あの人が、今までと全く違う人であるかのように振る舞われたら、私は混乱する。昨日と、さっきまでと、同じ人間であるように、振る舞って欲しい。
自由というのは、「分からない」ってことなんでしょうか?予想がつかない。何が起っても、不思議はない。他人のことはもちろん、自分自身のことでさえも。
自分がこれから何をするのか、自分でも分からない・・・人殺しもあり得る????
あの人がこれから何をするのか、見当もつかない・・・殺されるかも???
ありゃりゃぁ~、自由って恐ろしいわぁ。
まあ、ほんとに自分が自由になったら、自分を自分とは認識できないでしょうから、そう、赤ちゃんのように、ですから、恐いものなんて、何にもなくなるとは思うんですけどね。
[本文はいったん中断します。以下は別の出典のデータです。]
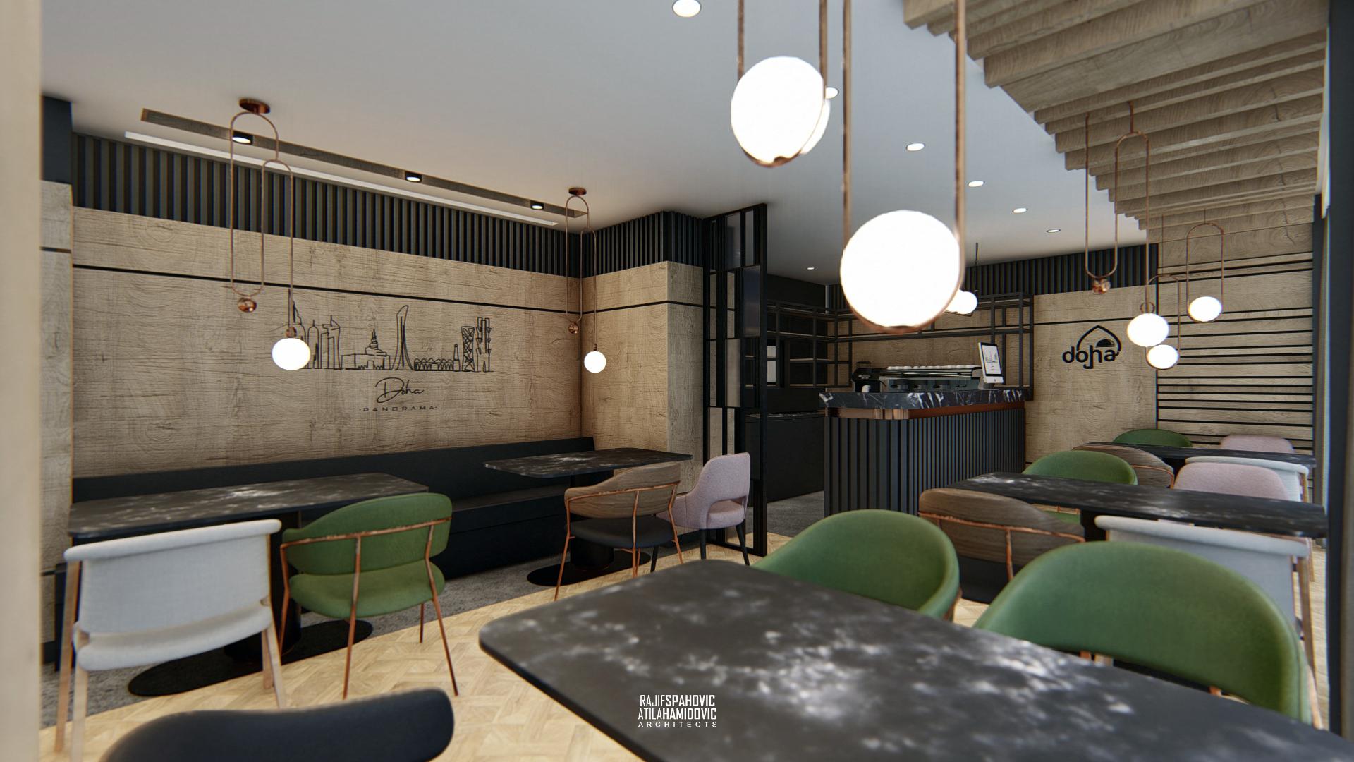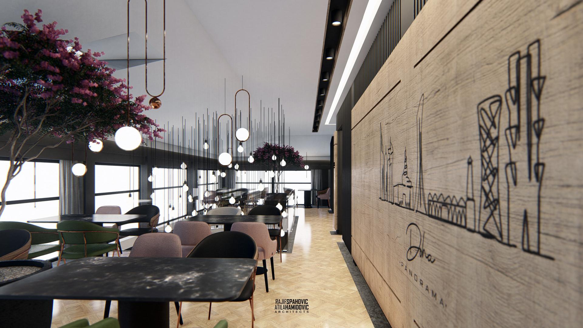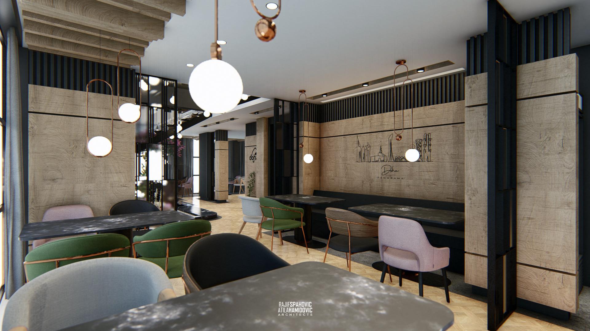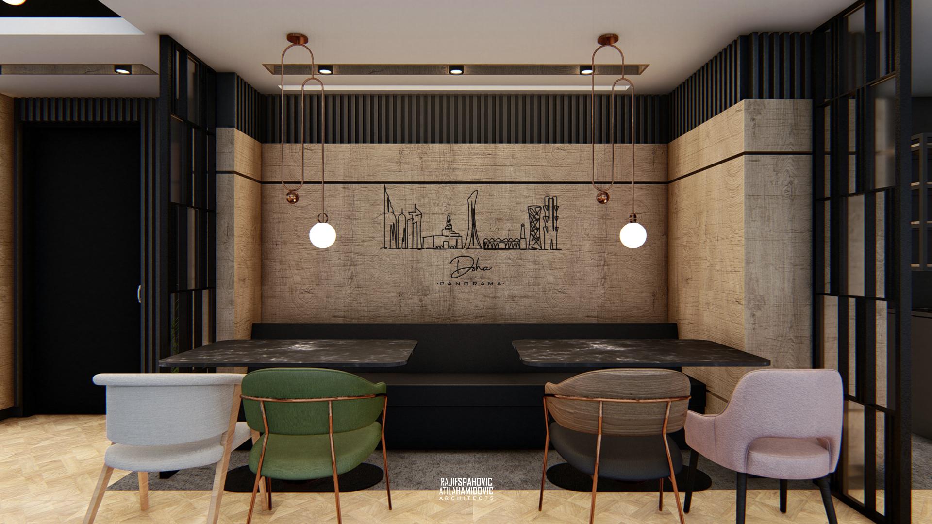 DOHA PANORAMA is a cafe / restaurant located in Novi Pazar on the top of the building roof, in the Republic of Serbia. It is conceptualized as a cafe/restaurant and features a modern interior design with a combination of wooden, stone and steel elements.

自分のことが、まるで分からなくなってしまった老人にも、似たところはありますね。
ただ、この時の自由って一体なんでしょう?
自由意思に基づくも何も、誰の意思に基づくんでしょう?
本人は、自分のことが分からないんですから、自分の意思なんて自覚しようがないはずですけど。
自由なんて、妄想ですね。
不自由な中にしか存在しない。
自由ということを、感じたければ、不自由な世界に生きていくことを、受け入れなければならない。